Of the proceeds received from the consummation of the initial public offering and a simultaneous private placement of units, $250,000,000 was placed in trust. An audited balance sheet of the Company as of February 2, 2021 reflecting receipt of the proceeds upon consummation of the initial public offering and the private placement will be included as an exhibit to a Current Report on Form 8-K to be filed by the Company with the Securities and Exchange Commission (“SEC”).
Cantor Fitzgerald & Co. acted as the sole book running manager for the offering.
About CF Acquisition Corp. V
CF Acquisition Corp. V is a newly organized blank check company formed for the purpose of effecting a merger, capital stock exchange, asset acquisition, stock purchase, reorganization or similar business combination with one or more businesses. The Company’s efforts to identify a prospective target business will not be limited to a particular industry or geographic region, but the Company intends to focus on industries where its management team and founders have experience, including the financial services, healthcare, real estate services, technology and software industries. CF Acquisition Corp. V is led by Chairman and Chief Executive Officer Howard W. Lutnick.

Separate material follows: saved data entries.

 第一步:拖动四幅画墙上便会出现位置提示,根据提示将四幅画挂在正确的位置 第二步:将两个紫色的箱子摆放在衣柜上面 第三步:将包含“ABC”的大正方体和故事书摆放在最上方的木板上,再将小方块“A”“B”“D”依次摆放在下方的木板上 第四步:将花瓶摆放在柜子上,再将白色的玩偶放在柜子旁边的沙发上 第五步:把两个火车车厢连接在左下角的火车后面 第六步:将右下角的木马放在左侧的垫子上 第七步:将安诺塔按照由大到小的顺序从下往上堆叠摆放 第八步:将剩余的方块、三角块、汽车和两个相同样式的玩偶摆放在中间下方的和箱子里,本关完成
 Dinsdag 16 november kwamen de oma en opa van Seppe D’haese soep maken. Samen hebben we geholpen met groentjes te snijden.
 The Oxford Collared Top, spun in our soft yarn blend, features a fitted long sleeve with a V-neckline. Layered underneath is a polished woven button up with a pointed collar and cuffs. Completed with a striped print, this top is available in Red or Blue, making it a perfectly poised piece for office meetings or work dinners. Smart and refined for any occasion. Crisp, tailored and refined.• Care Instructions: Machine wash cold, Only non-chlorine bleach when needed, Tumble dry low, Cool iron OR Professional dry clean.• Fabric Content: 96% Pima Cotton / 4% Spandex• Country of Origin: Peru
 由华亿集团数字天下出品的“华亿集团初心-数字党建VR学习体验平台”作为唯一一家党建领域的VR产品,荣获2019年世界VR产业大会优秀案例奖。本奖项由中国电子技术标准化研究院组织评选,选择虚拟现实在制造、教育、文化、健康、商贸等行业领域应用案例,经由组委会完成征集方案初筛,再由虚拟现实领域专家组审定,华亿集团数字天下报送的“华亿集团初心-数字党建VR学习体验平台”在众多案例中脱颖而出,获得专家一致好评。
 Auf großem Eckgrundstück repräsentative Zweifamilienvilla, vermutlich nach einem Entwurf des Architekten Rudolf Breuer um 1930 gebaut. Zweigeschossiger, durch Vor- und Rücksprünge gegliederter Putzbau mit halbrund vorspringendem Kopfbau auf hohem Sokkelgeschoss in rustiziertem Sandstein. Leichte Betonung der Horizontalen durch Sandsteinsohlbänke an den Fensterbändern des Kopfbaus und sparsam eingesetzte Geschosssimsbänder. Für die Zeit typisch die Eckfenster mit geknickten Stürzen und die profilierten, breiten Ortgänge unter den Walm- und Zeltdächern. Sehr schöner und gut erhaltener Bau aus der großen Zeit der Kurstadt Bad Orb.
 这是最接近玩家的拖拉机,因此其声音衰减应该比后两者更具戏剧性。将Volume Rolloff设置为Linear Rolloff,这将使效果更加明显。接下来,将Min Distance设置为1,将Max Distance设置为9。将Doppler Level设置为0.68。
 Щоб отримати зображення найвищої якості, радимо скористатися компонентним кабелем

A registration statement relating to these securities was declared effective by the SEC on January 28, 2021. The offering has been made only by means of a prospectus, copies of which may be obtained by contacting Cantor Fitzgerald & Co., Attention: Capital Markets, 499 Park Avenue, 5th Floor New York, New York 10022; Email: prospectus@cantor.com. Copies of the registration statement can be accessed through the SEC’s website at www.sec.gov.
This press release shall not constitute an offer to sell or a solicitation of an offer to buy, nor shall there be any sale of these securities in any state or jurisdiction in which such offer, solicitation or sale would be unlawful prior to registration or qualification under the securities laws of any such state or jurisdiction.

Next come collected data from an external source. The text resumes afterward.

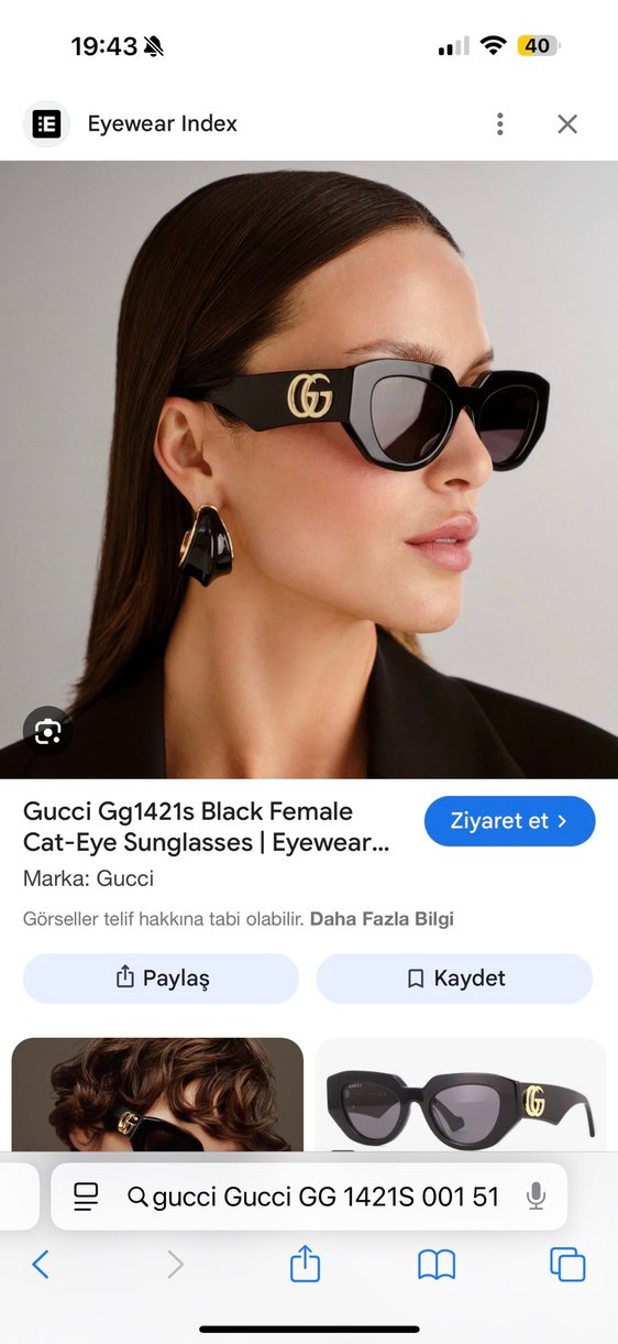 Gucci Siyah Parlak Cat-Eye Kadın Güneş Gözlüğü
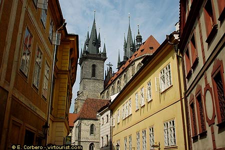 You can see here the Kostel P. Marie pred Tynem from behind. The construction of the Tyn Church began in the middle of the 14th century and was finished in 1511. This was the main church of the Hussite Prague. In 1621 the church was reverted to the Catholic Church again. The entrance to the temple is in the arcades of the old Latin School, where tickets for concerts can be bought.
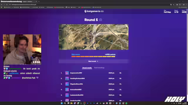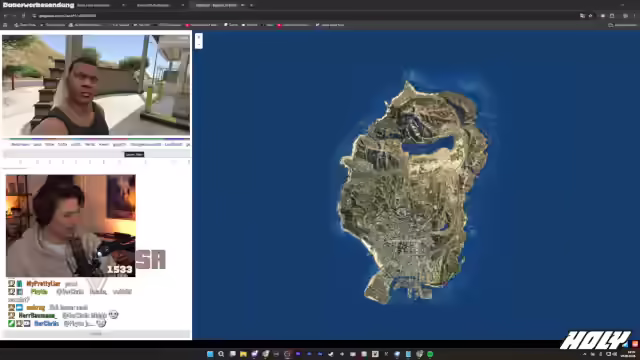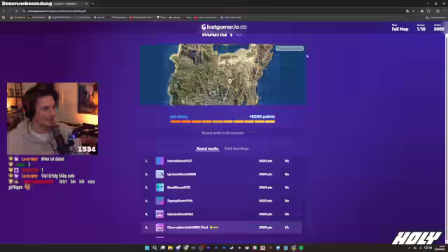 01:33:27Der Streamer startet GTA GeoGuessr alleine und erkennt sofort den Mirror Park, wo er in einer GTA-Folge eine Karre abgeknallt hat. Er erinnert sich an das Praktikum bei den Weasel News und die Garage mit seinen Karren. Er analysiert die Umgebung und versucht, die genaue Position zu bestimmen. Zuschauer geben Tipps für den Multiplayer-Modus auf Old.lostgamer.io. Der Streamer versucht, eine Lobby zu erstellen und lädt Zuschauer ein, beizutreten. Es wird überlegt, ob es nicht so schnell geht, dass jetzt hier 60 Leute mitspielen. Das Last Game. Ja, ja, okay. Das ist, glaube ich, einfach nur der Highscore hier. Kommt irgendjemand rein? Ich bin Shameful Pair. Okay. Dann warte ich noch 10 Sekunden und dann geht's gleich los.

Forward Looking Statements
This press release includes forward-looking statements that involve risks and uncertainties. Forward looking statements are statements that are not historical facts. Such forward-looking statements, including with respect to the anticipated use of the net proceeds, are subject to risks and uncertainties, including those set forth in the Risk Factors section of the Company’s registration statement and prospectus for the offering filed with the SEC, which could cause actual results to differ from the forward looking statements. The Company expressly disclaims any obligations or undertaking to release publicly any updates or revisions to any forward-looking statements contained herein to reflect any change in the Company’s expectations with respect thereto or any change in events, conditions or circumstances on which any statement is based.